63. En effet, de jure, l’appréciation de la perte de valeur du fonds de commerce est définie par l’universalité des droits qui la constituent et dont la valorisation ne peut être saisie qu’à partir du constat de sa cession, ou de sa disparition, et tandis qu’au jour de la clôture des débats devant la cour le 23 septembre 2021, le groupe Parabole poursuivait son activité, l’horizon temporel futur de la valorisation de ses fonds de commerce par une comparaison de leur valeur en 2008, avec celle en 2012, n’est pas possible.
64. D’autre part, et suivant le cadre du litige rappelé au § 30 ci-dessus, la valorisation des pertes du groupe Parabole doit être déterminée par des variables qui conservent leur lien direct et tangible avec le fait générateur de la pratique anticoncurrentielle retenue à l’encontre du GCP, et par conséquent avec la situation du marché pertinent ainsi que des prix de la distribution de programmes audiovisuels payants à compter de 2013.
65. A cet égard et incidemment, la cour relève que M. Y n’a pas ignoré ces demandes du groupe Parabole, qui étaient comprises dans le périmètre de son expertise élargie par le juge chargé de la mise en état (§8 et 9), et les a dûment discutées pages 28 à 30 de son rapport et les a écartées pour préserver l’intégrité de son analyse contrefactuelle du préjudice ainsi qu’il l’a rappelé en particulier pour réfuter la valorisation du préjudice que le groupe Parabole faisait valoir jusqu’en 2025, en relevant que seule la durée moyenne d’un abonnement constituait une donnée objective du préjudice (page 68 du rapport).

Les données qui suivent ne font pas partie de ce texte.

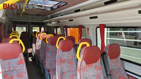- Phonische und thermische Isolierung - Elektrische Schiebetüre mit elektrischer Trittstufe - 21 Schlafsessel + Original Beifahrersitz + Fahrersitz (Optional 18+1+1 Sitze +) - Optional 3/1 Stehplätze - Klimaanlage Webasto/Diavia Modell RT 145 im Fahrgastraum - Frontklimaanlage = Doppelklima - Nachtbeleuchtung orange und weiß - Konvektorenheizung links und rechts - Abgeflachter Einstiegsbereich - Sitze mit Kunstlederkopfstütze, rückwärts verstellbar, auf Wunsch mit gelben Haltegriffen an den gangseitigen Sitzen und 3- Punktgurt an allen Plätzen - Verglasung Doppelglas VIP Black - Dachluke
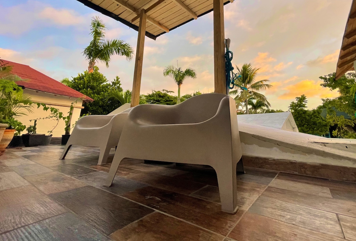 W centrum Cabarete i zaledwie 2 minuty spacerem od plaży. Oferujemy proste i wygodne małe poddasze z salonem/jadalnią/kuchnią i antresolą z łóżkiem i biurkiem. Idealny dla osób, które lubią sporty wodne lub pracują na odległość, dla samotnych lub par.
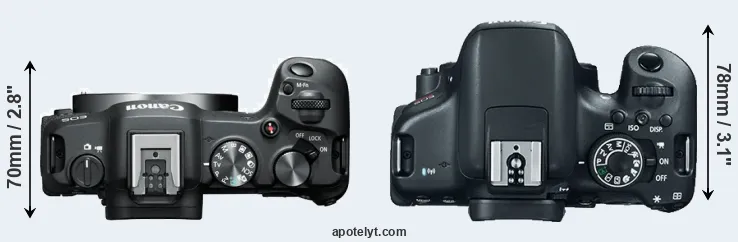 The Canon EOS R8 and the Canon EOS Rebel T6i (labelled Canon 750D in some countries) are two digital cameras that were officially introduced, respectively, in February 2023 and February 2015. The R8 is a mirrorless interchangeable lens camera, while the T6i is a DSLR. The cameras are based on a full frame (R8) and an APS-C (T6i) sensor. Both cameras offer a resolution of 24 megapixels.
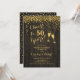 Invitación de aniversario de bodas de oro número 50 rústica dorada. ¡Salud por 50 años! Diseño elegante con patrón de madera marrón oscuro y dorado brillante. Cuenta con copas de champán, letra script y confeti. Perfecto para una celebración con estilo de 50 años de matrimonio. Impreso en Zazzle o plantilla digital para descargar instantáneamente. ¡Se puede personalizar para mostrar cualquier año! Personalice con sus propios detalles.
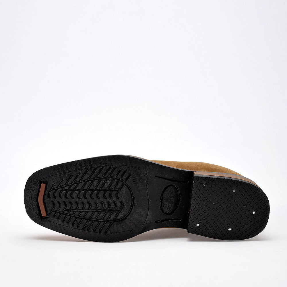 El material es de gamuza, con un acabado suave. Presenta un diseño simple con costuras decorativas en en el empeine y un tacón bajo.
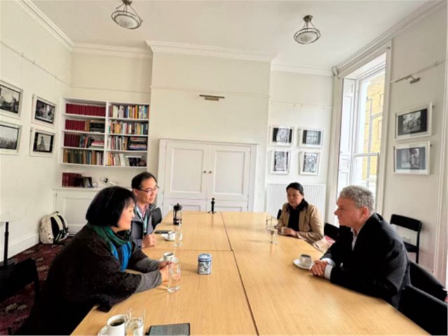 当地时间2026年4月15日,欧洲行收官之行来到英国皇家人类学学会(RAI),皇家人类学学会成立于1871年,是世界上历史最悠久、制度最稳定、国际影响力最持久的人类学学术组织之一,在全球人类学知识生产、学术规范确立与公共传播中具有“枢纽性”地位。方李莉与该学会会长大卫·尚克兰(David Shankland)教授开展长达一个半小时的深度座谈。双方分别详细介绍了各自学会的发展历程、学术定位、会员体系、学术研究方向及未来发展目标,并就学科建设、学术活动举办、中国艺术海外传播、人类学与艺术实践跨界合作等议题深入交换意见,最终达成联合举办学术会议、共同开展学术工作坊的重要合作意向,为两大学会后续常态化、深层次合作奠定了坚实基础。
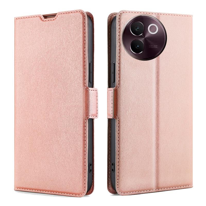 Θήκη τηλεφώνου δερμάτινη, οριζόντια, αναδιπλούμενη, με λεπτό σχεδιασμό και πλευρινές αγκύλες για vivo V30e 5G (Ροζ χρυσός)
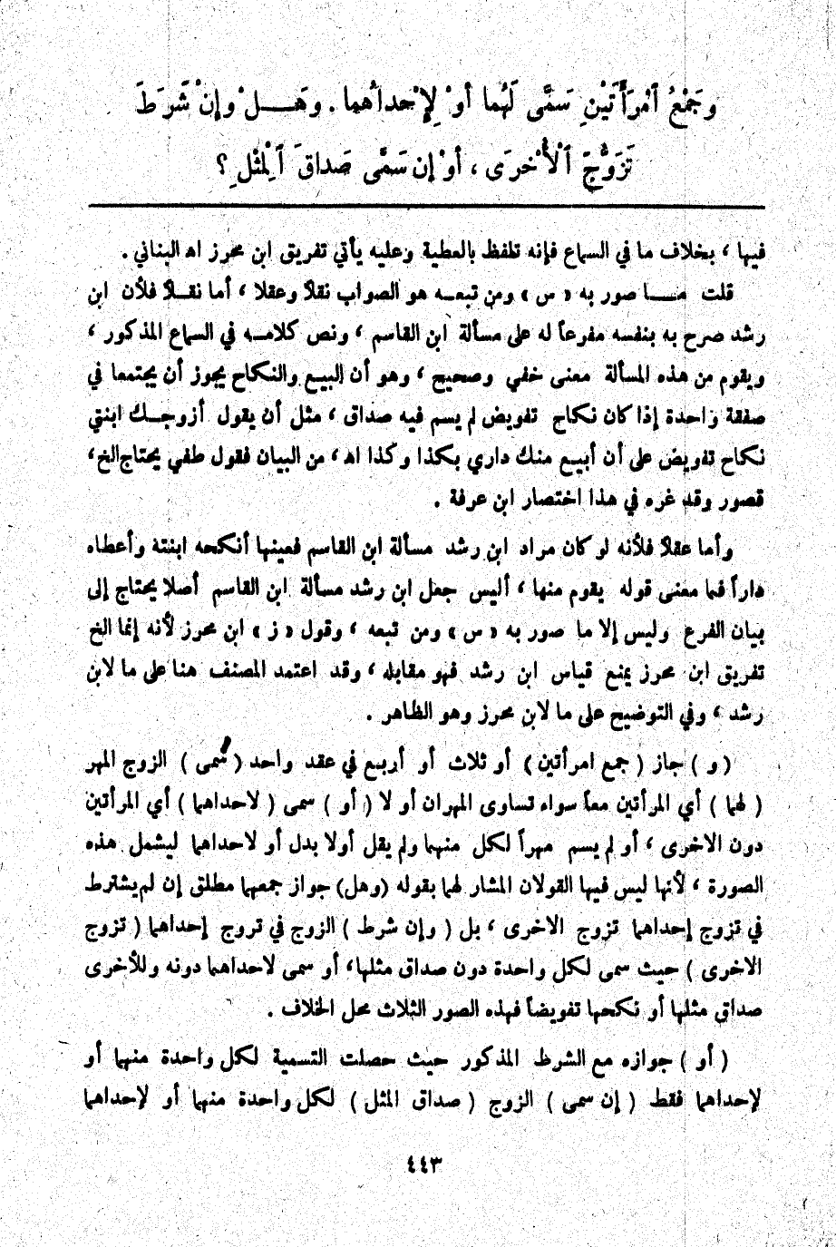 قُلْت مَا صَوَّرَ بِهِ " س " وَمَنْ تَبِعَهُ هُوَ الصَّوَابُ نَقْلًا وَعَقْلًا، أَمَّا نَقْلًا فَلِأَنَّ ابْنَ رُشْدٍ صَرَّحَ بِهِ بِنَفْسِهِ مُفَرِّعًا لَهُ عَلَى مَسْأَلَةِ ابْنِ الْقَاسِمِ، وَنَصُّ كَلَامِهِ فِي السَّمَاعِ الْمَذْكُورِ، وَيَقُومُ مِنْ هَذِهِ الْمَسْأَلَةِ مَعْنًى خَفِيٌّ وَصَحِيحٌ، وَهُوَ أَنَّ الْبَيْعَ وَالنِّكَاحَ يَجُوزُ أَنْ يَجْتَمِعَا فِي صَفْقَةٍ وَاحِدَةٍ إذَا كَانَ نِكَاحَ تَفْوِيضٍ لَمْ يُسَمَّ فِيهِ صَدَاقٌ، مِثْلُ أَنْ يَقُولَ أُزَوِّجُك ابْنَتِي نِكَاحَ تَفْوِيضٍ عَلَى أَنْ أَبِيعَ مِنْك دَارِي بِكَذَا وَكَذَا. اهـ. مِنْ الْبَيَانِ فَقَوْلُ طفي يَحْتَاجُ إلَخْ، قُصُورٌ وَقَدْ غَرَّهُ فِي هَذَا اخْتِصَارُ ابْنِ عَرَفَةَ.

66. Pour sa mission, M. Z a identifié l’évaluation des préjudices à partir de 1er décembre de 2013 représentatifs 1) « de la perte des avantages économiques qui auraient résulté de l’exploitation d’un parc d’abonnés supplémentaires, c’est-à-dire des flux de trésorerie générés par ce parc, jusqu’à l’extinction de ce nombre supplémentaire d’abonnés par son attrition naturelle ( »churn« ) et 2) de l’impact sur le revenu généré par l’ensemble des abonnés s’il est établi que les agissements de la société GCP ont entraîné une dégradation des prix des sociétés du groupe Parabole ».
67. Sur la base des 40000 abonnés manquants en décembre 2012, M. Z a procédé à l’analyse contrefactuelle du parc des abonnés espérés et manquants après 2013 et adopté une durée moyenne d’abonnement de 4 ans et limité en conséquence à 2016, l’horizon des pertes du groupe Parabole.
68. Pour déterminer les pertes qui en sont résultées, M. Z a reconstitué les flux de trésorerie dont le groupe Parabole a été privé suivant la méthode des « DCF » pour discounted cash flow.
69. M. Z a adopté un pourcentage d’ajustement progressif des tarifs du groupe Parabole au marché de 80 % en 2013, 60 % en 2014, 40% en 2015, et 20% en 2016 sur la base duquel il a établi le nombre d’abonnés manqués restant en moyenne par région et
ARRET DU 04/02/2022 Cour d’Appel de Paris N° RG 17/04100-12N° Portalis 35L7-V-B7B-B2XJ5 – 12ème page Pôle 5 Chambre 11
par année, rapporté au chiffre d’affaires manqué duquel, sur la base du taux d’EBIT manqué, il a déduit la marge d’EBIT manqué et auquelle a été ajouté la part des amortissements non décaissés pour établir le flux de trésorerie manqué. Ces flux ont enfin fait l’objet de deux ajustements des flux de trésorerie perdus sur les parcs d’abonnés dégradés ainsi que sur les flux perdus sur les parcs des abonnés manqués actualisés par région et de 2013 à 2016, et M. AD a fait ressortir les pertes financières à 29,50 M€.
*
70. Pour contester cette valorisation, le groupe Parabole entend la corriger en rappelant comme il l’avait invoquée en première instance, la perte de la valeur de l’entreprise que le cabinet Deloitte avait estimée en 2008 à 158 M €, dans la perspective du projet de fusion avec GCP, évoquée au § 3 de l’arrêt, sur la base fondée sur les multiples de chiffre d’affaires, les multiples d’EBITDA et les multiples par abonnés, avec celle comprise entre 50 et 63 M€ en 2012, estimée, cette fois-ci, sur la base d’une analyse détaillée des multiples sectoriels.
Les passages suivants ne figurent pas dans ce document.